I have this integral here:

\[\int e^{\sqrt{x}}dx\]

and I wanted to ask, why can't I treat it like I would treat this integral:

\[\int (3x+5)^{5}dx\]

In which I would integrate as if g(x)=3x+5 is a normal x, and then divide by the inner derivative ? I tried it with the upper integral, and it doesn't work, the solution includes another "-1" which I don't understand where comes from....

My incorrect answer would be

\[2\cdot \sqrt{x}\cdot e^{\sqrt{x}}\]


why isn't it ?
 

Ackbach

Indicium Physicus
Staff member
Jan 26, 2012
4,191
The first integral is of an exponential function (variable exponent), and the second is of a power function (variable base).

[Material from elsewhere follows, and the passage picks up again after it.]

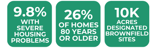 Housing for people of all ages and backgrounds is a top concern in the county, with 9.8% of our population experiencing severe housing problems. Given housing can also be a social determinant of health and access to it can often be the difference maker in someone’s mental, physical, or financial wellbeing, this makes the need particularly dire. Unfortunately, the fact that roughly 26% of all homes in the county are 80 years old or older and do not adequately fit modern needs for housing makes rectifying this an uphill battle. Organizations such as the Redevelopment Authority of Washington County and the Washington County Land Bank are assisting the best they can through renovations of properties that can be salvaged and repurposed for modern needs, as well as demolition of others to make way for new constructions.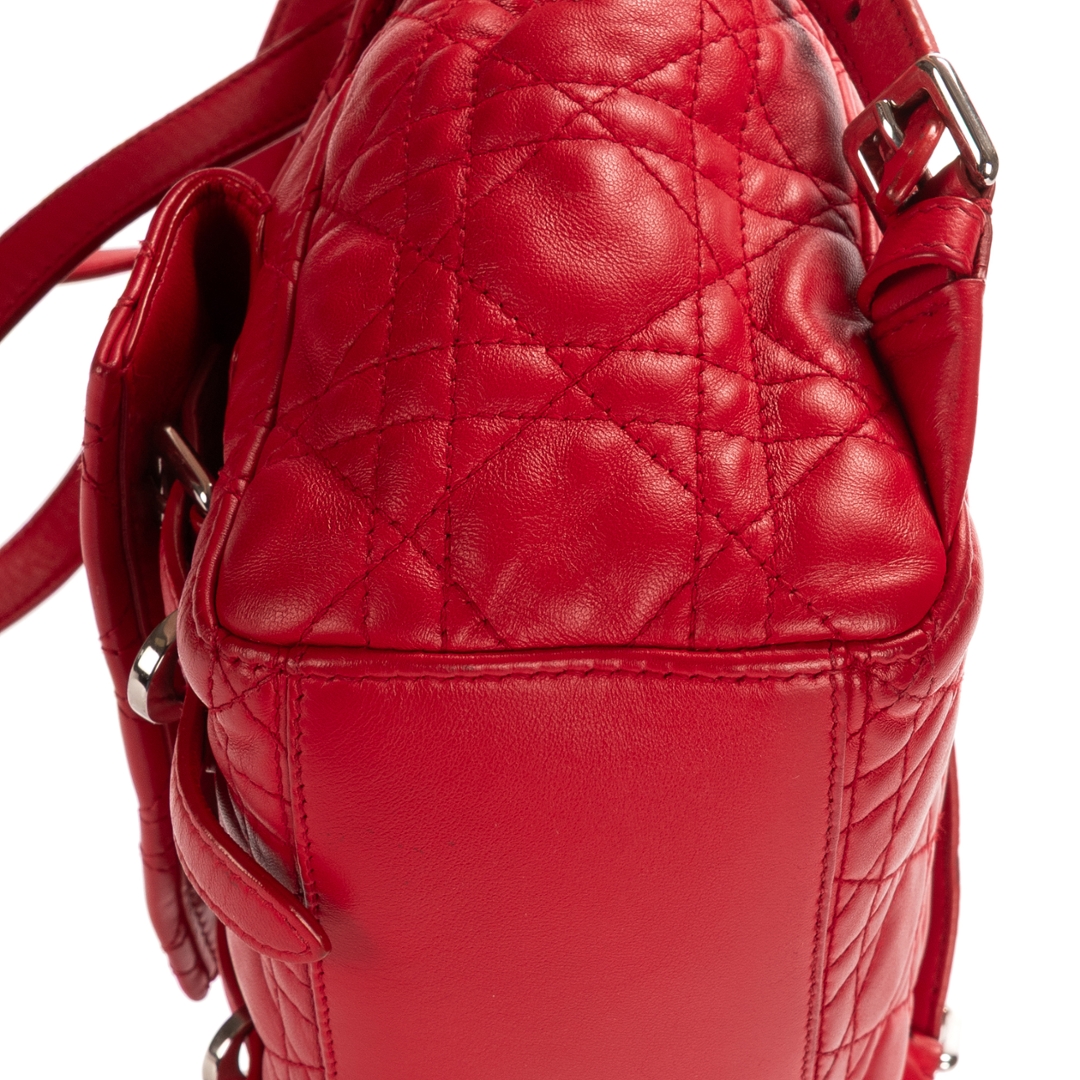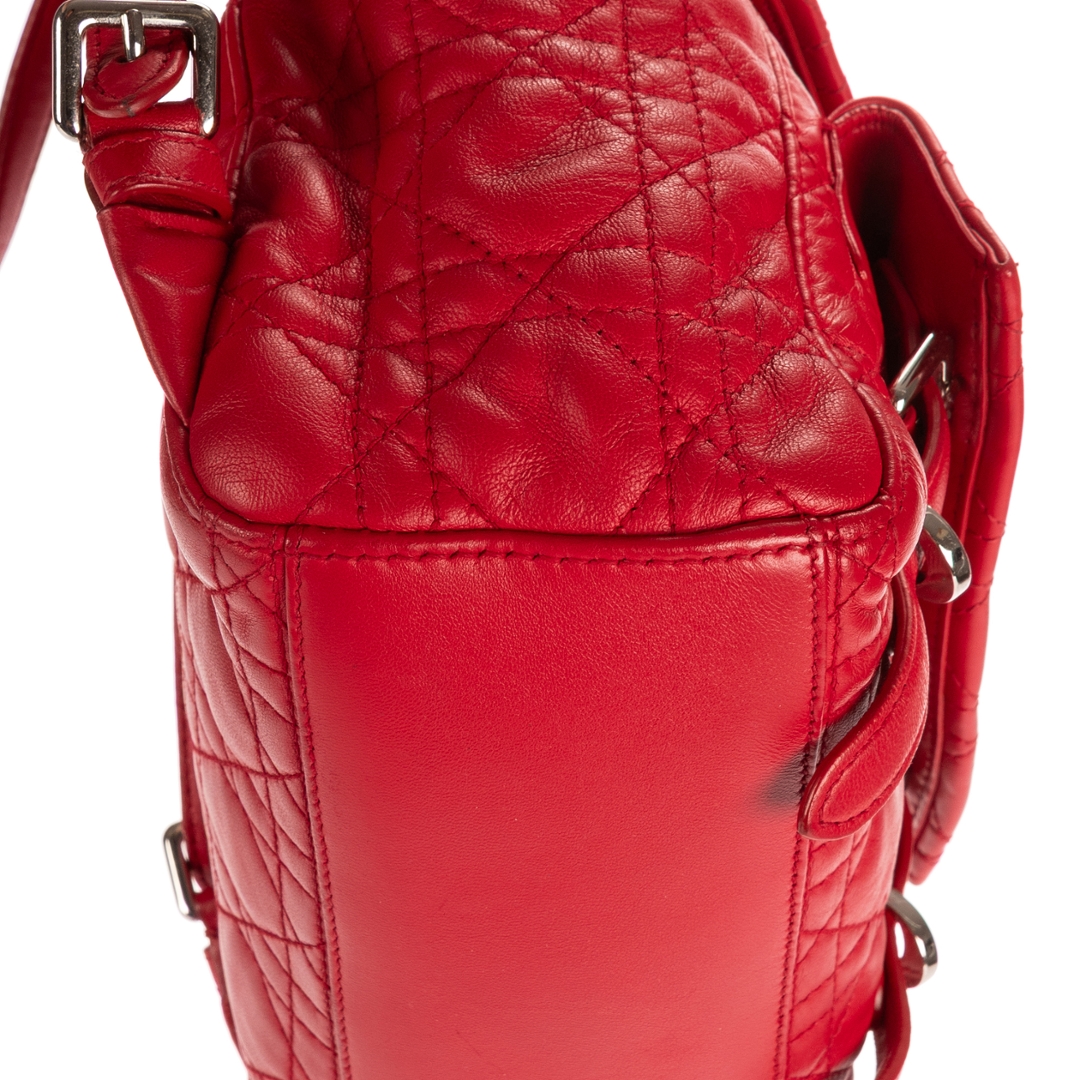 A vintage red calf leather Dior Stardust Backpack, a playful yet elegant piece that captures the essence of modern Dior design. Crafted from supple calf leather, this beautifully structured backpack features the brand’s signature Cannage quilting — a timeless pattern symbolising Dior’s dedication to craftsmanship and refined detail. The bold red tone adds a contemporary edge, while the silver-tone Dior logo and hardware lend a touch of understated glamour.

They are completely different functions, behave differently, and have quite different antiderivatives. To do $\int e^{ \sqrt{x}} \, dx$, I would probably try by-parts first, and see what you get.
 

Yankel

Active member
Jan 27, 2012
398
but

\[\int e^{3x}dx\]


does work using the method I specified. How do I know when I can use and when I can't ?

(I mean the method of integrating and then dividing by the inner derivative).
 

Ackbach

Indicium Physicus
Staff member
Jan 26, 2012
4,191
I suppose your method would work any time the inner function of the exponential or power function is linear (or, more correctly, affine). That is, for any integral of the following types:
\begin{align*}
&\int e^{mx+b} \, dx, \quad \text{or} \\
&\int (mx+b)^n \, dx.
\end{align*}
But $\sqrt{x}$ is not an affine function of $x$.